The contract to design the structure of the NHS Improvement organisation is reported to be worth more than £1 million in total.

As part of the process of drawing up the structures related to this organisation, the successful consultancy will work alongside an integration director, producing a comprehensive operating model by February.

It is suggested that the work could also incorporate a leadership review and leadership development interventions of existing employees within the NHS Improvement organisation.

This wide ranging modus operandi will cover every aspect of the way that the new monitor will operate, with both structure and culture considered particularly important.

The new regulator has been created by the merger of Monitor and the NHS Trust Development Authority, and early plans suggest that it will come into force at some point in 2016.

Reports indicate that the principal focus for NHS Improvement will be to drive and support both urgent operational improvement at the front line and the long-term sustainability of the healthcare system.

As is increasingly the case across the NHS as a whole, it is suggested that collaborative working will be central to the plans of this organisation.

A successful bidder for the contract will ultimately work alongside an internal program management office.

It is suggested that this office will comprise around twenty people, with an integration director in place in order to oversee the operation.

The consultancy selected will have been judged on organisational design and a “high level transition plan and pipeline”.

This process will lead to a draft organisational structure being produced by the beginning of December, with a final version to follow by the end of 2015.

A comprehensive operating model is also considered particularly important to the bidding process, with metrics for assessing quality, finances and sustainability central to this notion.

The final strategy document is to be submitted by March of next year, and major organisations Deloitte, McKinsey and KPMG have reportedly been shortlisted.

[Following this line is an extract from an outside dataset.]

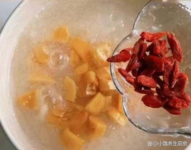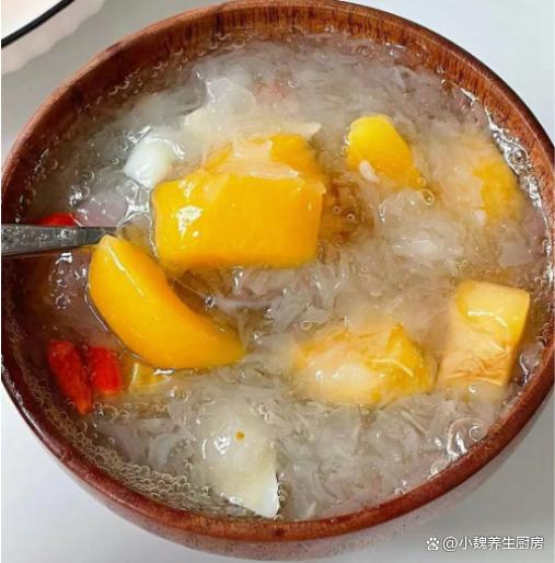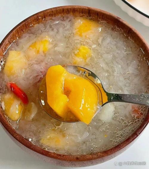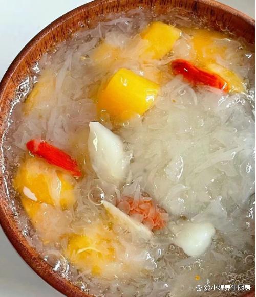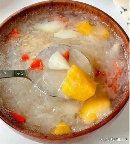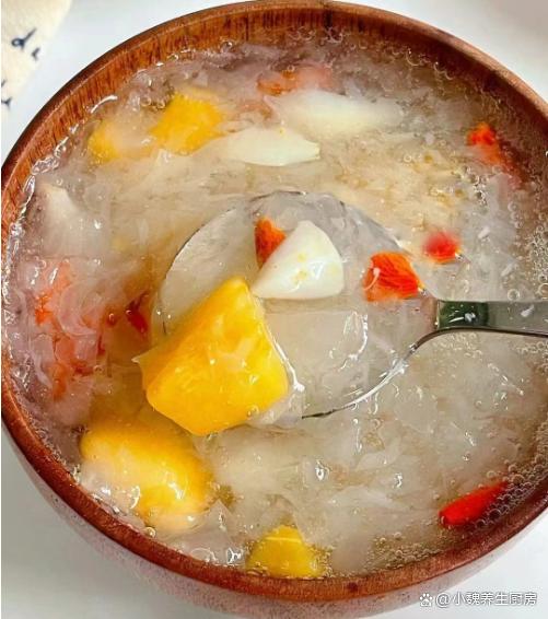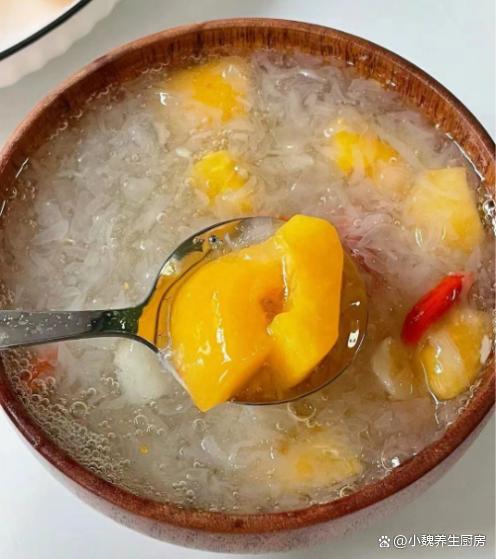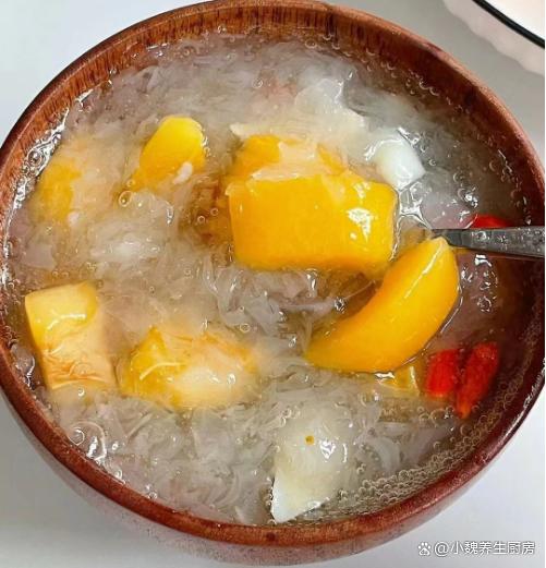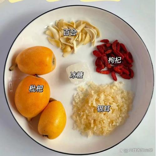 第五:开中小火继续焖煮,放入枇杷和其他食材(有条件可以加入雪梨和红枣),大火炖煮15分钟左右。 第六:放入一些老冰糖,丢入洗净的枸杞子,煮几分钟就可以了,关火盛出,这款枇杷百合银耳枸杞汤就制作完成了。 枇杷百合银耳枸杞汤的烹饪小贴士:首先,我们要确保所有的食材都是最新鲜的。枇杷要选果实饱满、颜色鲜艳的,百合要选瓣片肥厚、无斑点的,银耳则要选色泽洁白、质地柔软的。枸杞则最好选择粒大、色红、肉厚的。 在烹饪过程中,枇杷需要去皮去核,切成大小适中的块状,以便在炖煮过程中充分释放出其甜美的味道。百合则需要提前用清水浸泡,待其软化后,再一片片地清洗干净。银耳则需要用温水泡发,然后剪去根部,剪成小朵。枸杞则需要在烹饪的最后阶段加入,以保持其鲜艳的色泽和营养。烹饪时,我们要注意火候的控制。一开始要用大火将汤煮沸,然后转小火慢慢炖煮,这样才能充分提取出食材的营养和味道。同时,我们也要注意汤的浓稠度的控制,如果汤过于浓稠,可以适量加入一些清水,反之则可以适量增加炖煮的时间。最后,当所有的食材都炖煮至熟烂,汤的味道醇厚鲜美时,就可以关火,盛出享用了。 总的来说,烹饪枇杷百合银耳枸杞汤并不复杂,只要注意食材的选择和烹饪的火候,就可以轻松做出一道美味又营养的汤品。希望大家都能尝试一下,享受这道汤品带来的美味和健康。 (www.ws46.coM) 你们是否掌握这款枇杷百合银耳枸杞汤的正确做法吗(文中的配图全部出自网络)

Northumbria Healthcare Foundation Trust chief executive Jim Mackey was named as the first head of the new organisation earlier this month.

The creation of NHS Improvement comes at a time when regulation of the NHS is particularly important.

The existing regulator Monitor has had to take action against numerous trusts in recent months as financial difficulties across the NHS become increasingly apparent.

This was only too succinctly illustrated by recent financial results which suggests that the NHS as a whole will be £2 billion in deficit by the end of the existing fiscal year.